Automated analysis of geomorphological changes in South Korea’s estuaries using remotely sensed surface water data

Nicholas Wellbrock, United States, Timothy Michael Dellapenna, Texas A & M University-Galveston Campus, Marine and Coastal Environmental Science Dept., Galveston, United States and David Retchless, Texas A&M University at Galveston, Marine Science, Galveston, TX, United States
Abstract:
As countries deal with accelerated sea level rise, climate change and expanding coastal populations, a range of estuarine engineering solutions have been applied. However, these alterations have associated feedbacks and impacts to the natural system. On the Korean Peninsula, engineered solutions include extensive tidal flat land reclamation, installation of extensive seawalls and sea dikes and the building of estuarine dams and barrages.
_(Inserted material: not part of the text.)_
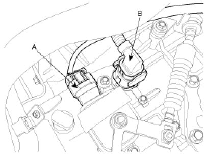 4. Disconnect the solenoid valve connector (B) and inhibitor switch connector (A).

Over the past century these practices have considerably modified the shoreline and altered both net transport of sediment and freshwater from these systems and modulated the timing and intensity of the discharge. Of the South Korean estuaries with drainage basins >500 km2, 56% contain estuarine dams, and 71% with drainage basins larger than 1000 km2. These closures have resulted in conversion of significant portions of the estuaries into freshwater lakes and the significant loss of tidal flats. In an effort to quantify these changes in a systematic manner, algorithms have been created to analyze a combination of surface water data, stream data, and geographic information systems data to automatically identify, isolate, and quantify surface water changes within South Korean estuaries. By pinpointing these changes, we can determine the extent of spatial anthropogenic impacts within each system. The current state of the algorithm is capable of delineating the majority of estuarine systems within the country, with an approximate identification rate of 90% depending upon the data resolution, water type, and temporal range of the surface water data inputted. Further modification of the algorithm and adjustment of the identification components are expected to yield an identification rate of approximately 95% for estuaries with tributaries greater than or equal to 90 meters wide.